Here is SQLFiddle demo

Create View with rank column in limited amount of data

So I have an MySQL table structured like this:
CREATE TABLE `spenttime` {
`id` int(11) NOT NULL AUTO_INCREMENT,
`userid` int(11) NOT NULL,
`serverid` int(11) NOT NULL,
`time` int(11) NOT NULL,
`day` int(11) NOT NULL,
PRIMARY KEY (`id`),
UNIQUE KEY `dbid_sid_day` (`userid`,`serverid`,`day`)
}
Where I'm storing time spent on my game servers every day for each registered player. time is the amount of time spent, in seconds, day is an unix timestamp of each day (beginning of the day). I want to create an View on my database that will show for each user time spent on server every week, but with an column displaying rank of that time, independent for each server on each week.
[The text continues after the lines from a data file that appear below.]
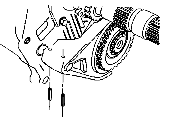 14. Remove the overdrive gear shift fork roll pins.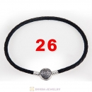 26cm Black Braided Leather Bracelet 925 Silver Love of My Life Round Clip with Heart White CZ Stone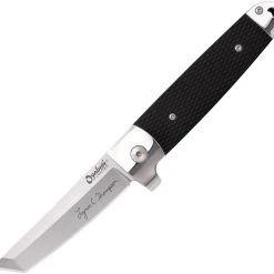 Couteau Cold Steel Oyabun Limited. 12,07cm fermé. Lame tanto de 8,89cm en acier inoxydable S35VN finition satinée. Ouverture par flipper. Cran liner lock avec double sécurité (bouton poussoir au dos) Manche en G10 quadrillé noir. Mitres en aluminium. Clip de poche. Trou pour une lanière. Livré en boîte. Limité à 3500 pièces. Lame signée. Poids : 136g.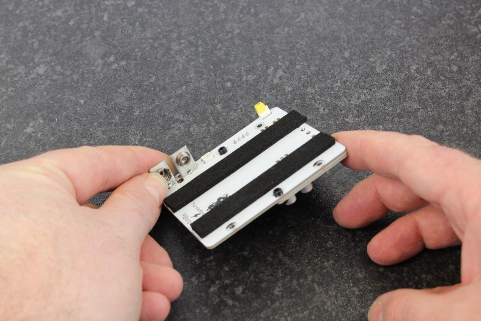 Step 71: Make sure the switch (yellow) is in the off position. Be gentle with the switch as it really doesn't take much force to switch on and off! Carefully connect the battery pack to the ThunderBorg Lid.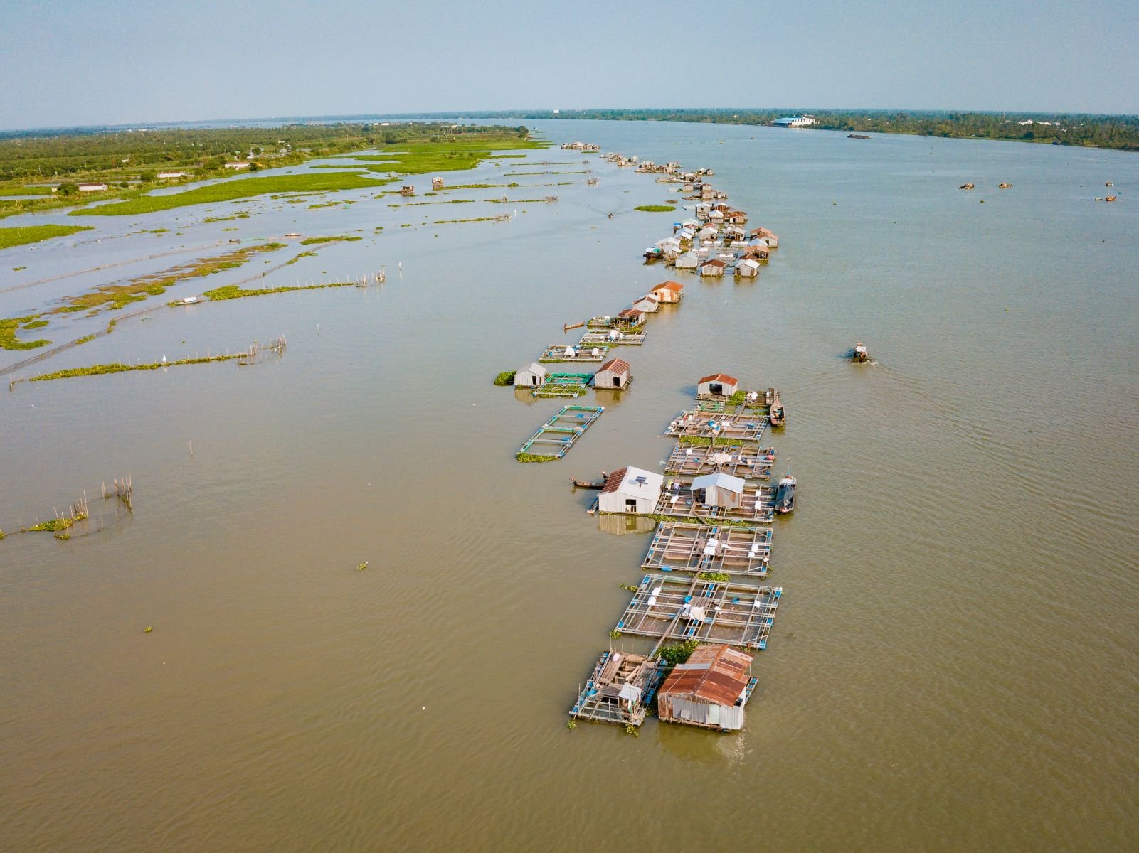 Mit lokalen Booten fahren wir vorbei an schwimmenden Häusern zu einer lokalen Fischfarm, wo wir einen exklusiven Einblick in die Zucht erhalten. In der Region wird schließliche Fisch produziert, der in die ganze Welt exportiert wird.

For example data (for clarify i will use date format Y-M-D instead of unix timestamp for day column on this example):
INSERT INTO `spenttime` (`userid`, `serverid`, `time`, `day`) VALUES
(1, 1, 200, '2013-04-01'),
(1, 1, 150, '2013-04-02'),
(2, 1, 100, '2013-04-02'),
(3, 1, 500, '2013-04-04'),
(2, 2, 400, '2013-04-04'),
(1, 1, 300, '2013-04-08'),
(3, 1, 200, '2013-04-08');
For that data in viev named spenttime_week should appear:
+--------+----------+--------+------------+------+
| userid | serverid | time | yearweek | rank |
+--------+----------+--------+------------+------+
| 1 | 1 | 350 | '2013-W14' | 2 |
| 2 | 1 | 100 | '2013-W14' | 3 |
| 3 | 1 | 500 | '2013-W14' | 1 |
| 2 | 2 | 400 | '2013-W14' | 1 |
| 1 | 1 | 300 | '2013-W15' | 1 |
| 3 | 1 | 200 | '2013-W15' | 2 |
+--------+----------+--------+------------+------+
I know how to generate view wihout rank, i have only troubles with rank column...
How can I make that happen?
//edit
Additionaly, this column MUST appear in viev, I cannot generate It in select from that view, because app where I will use it don't allow that...
First you need to create a first VIEW that sums the spent time for every user on the same week:
CREATE VIEW total_spent_time AS
SELECT userid,
serverid,
sum(time) AS total_time,
yearweek(day, 3) as week
FROM spenttime
GROUP BY userid, serverid, week;
then you can create your view as this:
CREATE VIEW spenttime_week AS
SELECT
s1.userid,
s1.serverid,
s1.total_time,
s1.week,
count(s2.total_time)+1 AS rank
FROM
total_spent_time s1 LEFT JOIN total_spent_time s2
ON s1.serverid=s2.serverid
AND s1.userid!=s2.userid
AND s1.week = s2.week
AND s1.total_time<=s2.total_time
GROUP BY
s1.userid,
s1.serverid,
s1.total_time,
s1.week
ORDER BY
s1.week, s1.serverid, s1.userid
Please see a fiddle here.
Lots of ways you could get the yearweek column, a quick lazy solution to that for clarity (because I doubt you're struggling with that). But here's how you can get the rank.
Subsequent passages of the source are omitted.